A nadie le extrañaba la mierda en sí. Por ser Medellín un lugar sin alcantarillados y con muy escasas letrinas y desagües, sus habitantes se procuraban discreto excusado en cualquier parte. La infinidad de mangas y potreros, matizadas por arbustos y flores, y la presencia de corrales y pesebreras favorecían la situación. Fue normal, que muy temprano, cada día, el incipiente sol de las seis de la mañana sorprendiera a tenderos, artesanos, carpinteros y toda clase de comerciantes arrojando desperdicios y basuras a las calles. Pero aquello era distinto. Un ataque asqueroso. ¿Por qué alguien había "ensuciado" las puertas de sus vecinos con mierda?, ¿Quién se había tomado el “repugnante” trabajo de "manchar" sus manos con tal "inmundicia"?.
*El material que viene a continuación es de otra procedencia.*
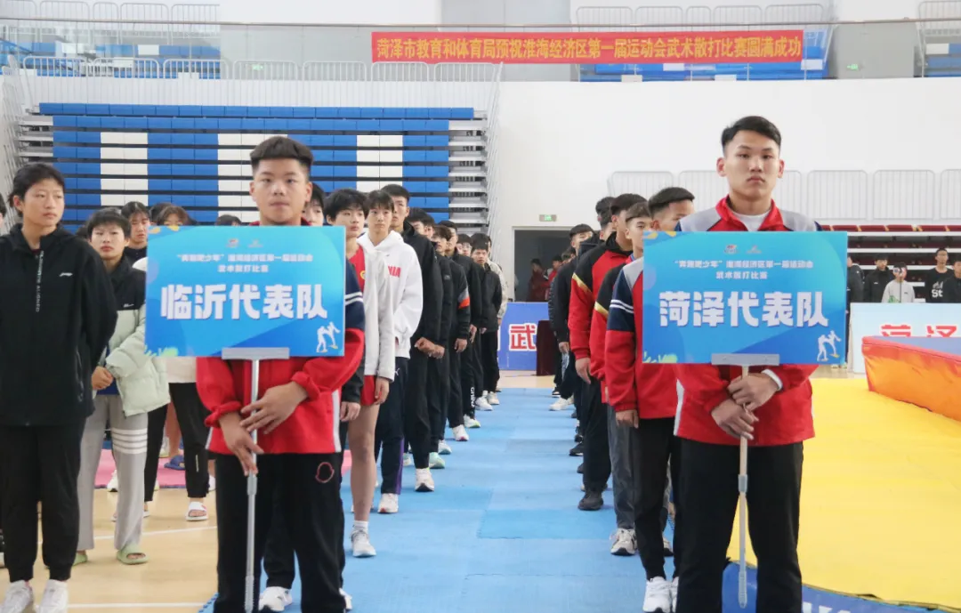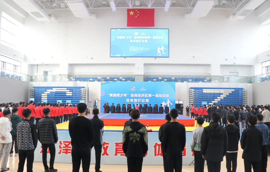 10月31日,由国家体育总局指导,江苏省体育局、山东省体育局、河南省体育局、安徽省体育局主办,菏泽市人民政府、徐州市人民政府、商丘市人民政府承办,菏泽市教育和体育局、徐州市体育局、商丘市教育体育局、菏泽鲁西新区管理委员会协办,菏泽鲁西新区教育体育服务中心和菏泽市曹州武术学校为执行单位的的“奔跑吧·少年”淮海经济区第一届运动会武术(散打)比赛开幕式在菏泽市曹州武术学校(人民路校区)举行。 本次比赛历时5天,分男女组共41个级别的比赛,来自淮海经济区8个地市的代表队、近300名运动员参赛。比赛旨在加强淮海经济区核心区城市间的交流合作,助力淮海经济区中心城市高质量发展。 山东省武术院副院长张海洋,徐州市体育局党委书记、局长靖飞,菏泽市教育和体育局党组书记史长华,徐州市体育局党委委员、副局长许慧慧,徐州市体育局四级调研员李化龙,菏泽市教育和体育局竞技体育科科长李震,菏泽鲁西新区教育体育服务中心副主任沙志强,菏泽鲁西新区教育体育服务中心教育体育工作室副主任郝登强,菏泽市曹州武术学校董事长贾其武出席开幕式。参赛各单位的运动员、教练员、领队以及本届比赛的裁判员参加开幕式,开幕式由菏泽教育和体育局党组成员、副局长王奉勇主持。 沙志强致欢迎辞。他表示,淮海经济区第一届运动会是加强淮海经济区核心区城市间的交流合作、助力淮海经济区中心城市高质量发展的一次体育盛会,对密切区域内兄弟城市之间经济文化交往具有重要意义。他指出,本届散打比赛为运动健儿们提供一个交流和切磋的平台,必将对苏鲁豫皖4省8市武术散打竞技水平的提高,发挥重要的推进作用;对培养和选拔淮海经济区武术散打后备人才,也将产生积极的促进作用。他希望运动员们发扬现代奥林匹克精神和中华传统武德,赛出水平,赛出风格,认真切磋、积极交流、互相学习、共同提高,圆满完成比赛任务,推动淮海经济区武术散打水平再上新台阶。 菏泽素享“武术之乡”美誉,武术文化氛围浓厚,近年来立足“武术之乡”资源优势,创新性实施“武术+”跨项选材发展模式,全市体育事业实现快速平稳发展,史长华在开幕辞中提到。他表示,本次比赛的成功举办,来自淮海经济区各城市优秀武术运动员同台竞技,促进武术文化传播和交流,共同为淮海经济区体育事业协同发展注入新的力量。他承诺将全力以赴创造良好的比赛和观摩环境,为本次比赛的举办保驾护航! 运动员代表姚法旺、裁判员代表贾伟振宣誓 徐州市体育局党委书记、局长靖飞宣布“奔跑吧·少年”淮海经济区第一届运动会武术散打比赛开幕,随着开幕式的圆满结束,比赛正式开始。 本次比赛不仅是一次体育竞技的盛会,更是一次文化交流与融合的契机。通过比赛,将进一步推动淮海经济区各城市之间的交流合作,促进武术文化的传承与发展,为淮海经济区体育事业的繁荣发展贡献新的力量。我们期待,在全体运动员、裁判员、教练员以及工作人员的共同努力下,本次比赛能够取得圆满成功,为淮海经济区体育事业的发展写下浓墨重彩的一笔。
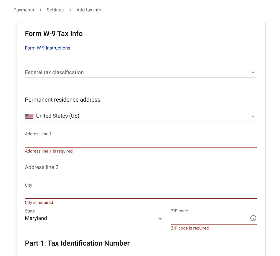 Adsense uses an electronic W-9 form which is pretty easy to fill out. You will just need to go to Payments -> Manage Settings, then click on Update Tax Info under Payments Profile. Afterwards, you confirm your U.S. citizen/resident status, fill in your name, tax identification number, and your new permanent residence address. Notice that once you finish submitting this form, you need to come back to your Payments Profile to ensure that the legal address is the same as the permanent residence address.
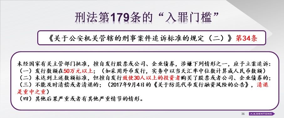 另外,需要注意,“入罪门槛”是指发行数额在50万以上,人数是30人。罪名门槛其实不高,一旦有这样人数的规定,实际意味着中国《刑法》要出来发挥作用了。
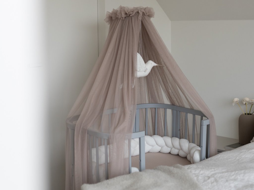 Hnedý tylový baldachýn k rastúcim postieľkam 7v1 vo všetkých tvaroch a rozmeroch zútulní nielen samotnú postieľku, ale aj celú spálňu. Baldachýn je tenučký a priesvitný, dieťatko jemne oddelí, ochráni pred hmyzom, ale zároveň ho budete mať stále na očiach a ono vás tiež. Farebný baldachýn nad detskú postieľku je vyrobený z jemného tylu a nad postieľku si ho primontujete pomocou špeciálneho kovového stojana. Baldachýn môžete oprať na 30°C, vyvesiť a nechajte ho voľne vysušiť. Keď ho vyvesíte, baldachýn sa aj sám pekne vystrie. V ponuke máme aj ďalšie farby baldachýnu, ktoré sa hodia k rastúcim postieľkam 7v1.
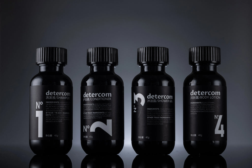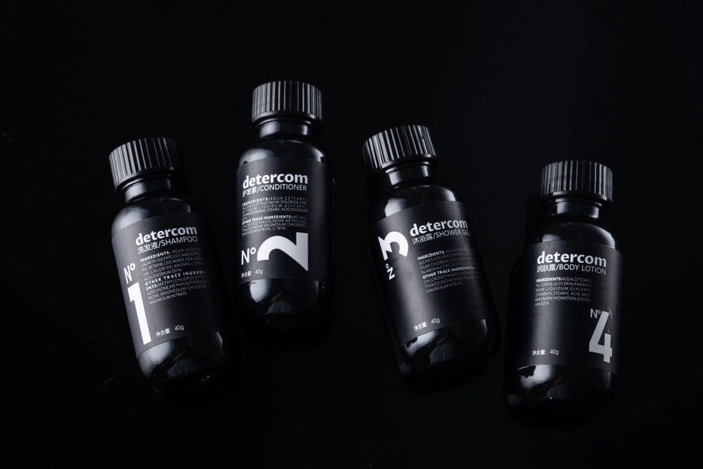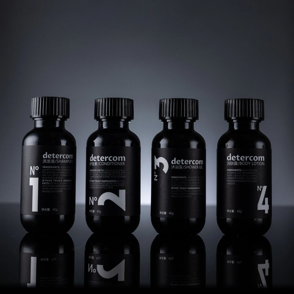 Eco-Friendly Hotel Amenities Bathroom Set Shampoo Conditioner Body Gel Body Lotion Bottles with Custom Logo for Travelers
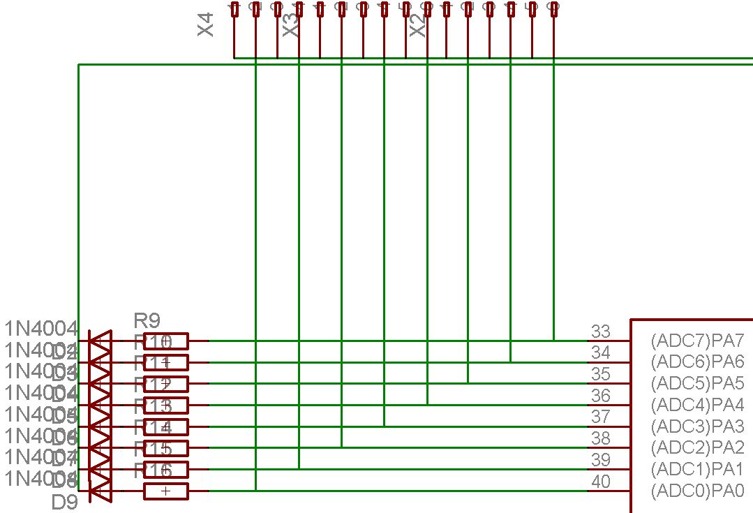 Also als sensoren meine im moment PT100 oder Poti (ein veränderbaren Wiederstand). Mit weglassen ist gemeint: immer 2 Kontakte an x2, x3 ,x4 gehören zusammen. Versorgungsspannung wird über die Leiste rausgegeben durch z.B.PT100 durchgeleitet und dann an den ADC eingang weitergeleitet. Gleichzeitig wird mit jeweils einem Wiederstand ein Spannungsteiler aufgebaut um einen Spannungsteiler aufzubauen (PT100 + Wiederstand). Die Dioden auf meinem Bild werden ja nich benötigt und sind somit durch Brückendraht ersetzt worden und verbinden den Spannungsteiler somit an meine Masse.

En esa semana santa de 1894, nadie supo responder estos dos interrogantes en Medellín.

Muchos tenían razones para manifestarse ante los otros con semejante "porquería". Los mendigos, las putas, los hijos calaveras de la elite paisa, los vagos, o los locos de atar. Cualquiera pudo embadurnar de mierda las puertas aquella noche. Nunca se supo quién fue. Por rabia, por odio, por escandalizar, por protestar, por placer o por locura alguien aprovechó las sombras para marcar las puertas de la calle de Santamaría. Nunca se supo porqué.

Los excrementos, a la entrada de las casas, eran otro símbolo. Por supuesto, no el de la "limpieza y el orden". Eran el indicio "mugroso" de un pequeño poblado, que comenzaba a parir una ciudad "entre pesebreras", con la complejidad propia de cualquier sociedad de humanos, donde reinan intereses diferentes. De algún modo se había levantado la parte oculta, la cloaca, de aquel como “limbo de la monotonía”.
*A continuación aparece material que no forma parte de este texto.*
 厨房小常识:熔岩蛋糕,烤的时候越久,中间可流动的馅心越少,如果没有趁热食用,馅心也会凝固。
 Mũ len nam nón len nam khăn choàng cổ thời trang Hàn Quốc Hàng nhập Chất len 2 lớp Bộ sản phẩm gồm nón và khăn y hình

En Medellín, muchos conflictos seguían sin resolver en la década de 1890. La discriminación, la segregación, la persecución política, los abusos de autoridad, la corrupción, la delincuencia, la criminalidad, la guerra y el hambre, acentuados por la langosta, el invierno y las pestes que afectaron los cultivos en todo el país, le quebraron el espinazo a la rutina de los últimos años del siglo XIX.

Los negros, las mujeres, los forasteros, los niños y los que no hubieran podido "blanquear" su condición por las gracias de la fortuna, pagaron un alto precio en humillaciones, ofensas y discriminaciones para ser aceptados como pobladores de tercera.

En 1892, diez estudiantes de medicina, protegiendo con batas sus camisas finas y pantalones de paño, diseccionaron, con minúsculos bisturís, el cadáver de un negro, en el cementerio de San Lorenzo, conocido como el de "Los Pobres".[6] Tirado sobre la mesa de madera, el cuerpo sin vida de este hombre escenificó, el destino de los excluidos, condicionados por su posición social. Y, oh paradoja, el cadáver del poblador de tercera, del despreciado, del que expele olores repugnantes, se ofreció para que los futuros doctores, hijos de la elite, conocieran la ciencia que aumentó su poder.

A finales de 1893, fue usual escuchar gritos aterradores provenientes de la prisión. Por su afición a los naipes y a los dados, un preso fue obligado por su carcelero al tormento del cepo de campaña. En cuclillas, el infeliz soportó, entre los muslos y el vientre, el peso de treinta barras de hierro, que le destrozaron los dedos pulgares.

Durante los días que don Fidel Cano, director del periódico El Espectador, estuvo tras las rejas, por su pertinaz oposición al gobierno conservador, no salió de su asombró con la crueldad de los carceleros. Por “meras sospechas”, vio castigar a un hombre con un método "repugnante". En uno de los patios, con el sol encima, desnudo, el desgraciado fue cargado por varias horas con largas y pesadas cadenas.

No corrieron mejor suerte los propios soldados del servicio de guardia carcelario. Cinturones y espadas de cabos y oficiales, manejados con destreza, marcaron con golpes sus espaldas para enseñarles el significado de la palabra obediencia.

Las mujeres tampoco escaparon a las torturas. Aterrada, la noche del 7 de junio de 1892, una prostituta se desmayó en la cárcel municipal. Momentos antes, un carcelero, habilitado de verdugo, con varios policías y en presencia de algunos funcionarios, cortó la cabellera a otras tres putas. Obedeció la orden de limpieza, señalamiento o profilaxis, emanada por una junta que reunió a gobernador, alcalde y autoridades de policía. Temerosos de las venéreas, que abundaban en Medellín, creyeron solucionar el asunto distinguiéndolas de las demás, marcándolas como mujeres mal reputadas, rapando sus cabezas.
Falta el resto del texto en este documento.